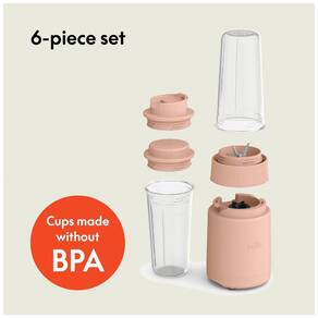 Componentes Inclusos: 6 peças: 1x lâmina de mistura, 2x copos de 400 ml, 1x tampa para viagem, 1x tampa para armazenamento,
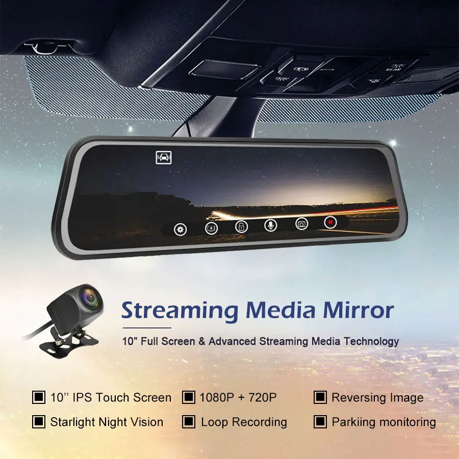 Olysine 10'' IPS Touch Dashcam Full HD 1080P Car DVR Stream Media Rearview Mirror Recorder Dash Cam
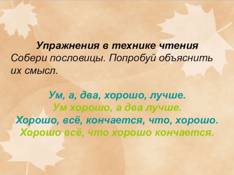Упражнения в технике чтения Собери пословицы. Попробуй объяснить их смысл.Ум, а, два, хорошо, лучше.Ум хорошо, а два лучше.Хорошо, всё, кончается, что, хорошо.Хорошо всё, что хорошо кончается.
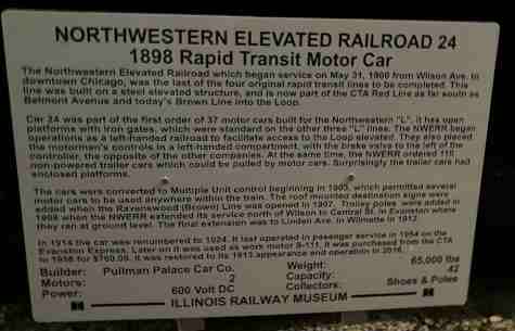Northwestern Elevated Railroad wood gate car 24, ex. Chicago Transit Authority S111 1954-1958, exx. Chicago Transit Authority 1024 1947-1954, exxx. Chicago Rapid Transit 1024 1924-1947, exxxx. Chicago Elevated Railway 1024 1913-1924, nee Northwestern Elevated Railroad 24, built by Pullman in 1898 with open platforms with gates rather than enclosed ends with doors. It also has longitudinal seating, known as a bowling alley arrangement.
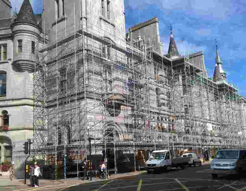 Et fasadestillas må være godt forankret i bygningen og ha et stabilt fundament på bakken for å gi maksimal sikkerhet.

...

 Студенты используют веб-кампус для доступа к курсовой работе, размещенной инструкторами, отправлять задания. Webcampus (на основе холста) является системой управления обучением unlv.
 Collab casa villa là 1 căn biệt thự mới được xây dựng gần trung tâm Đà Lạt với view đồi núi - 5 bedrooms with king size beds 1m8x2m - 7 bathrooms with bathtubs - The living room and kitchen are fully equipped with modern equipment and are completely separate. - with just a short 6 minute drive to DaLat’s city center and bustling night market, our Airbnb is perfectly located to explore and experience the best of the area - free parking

> _Your assignment_: Starting with the line with "Студенты используют веб-кампус" above and going on through the line with "Collab casa villa", transcribe every line exactly, both ends included, and add nothing.

> _Worked solution_:
 Студенты используют веб-кампус для доступа к курсовой работе, размещенной инструкторами, отправлять задания. Webcampus (на основе холста) является системой управления обучением unlv.
 Collab casa villa là 1 căn biệt thự mới được xây dựng gần trung tâm Đà Lạt với view đồi núi - 5 bedrooms with king size beds 1m8x2m - 7 bathrooms with bathtubs - The living room and kitchen are fully equipped with modern equipment and are completely separate. - with just a short 6 minute drive to DaLat’s city center and bustling night market, our Airbnb is perfectly located to explore and experience the best of the area - free parking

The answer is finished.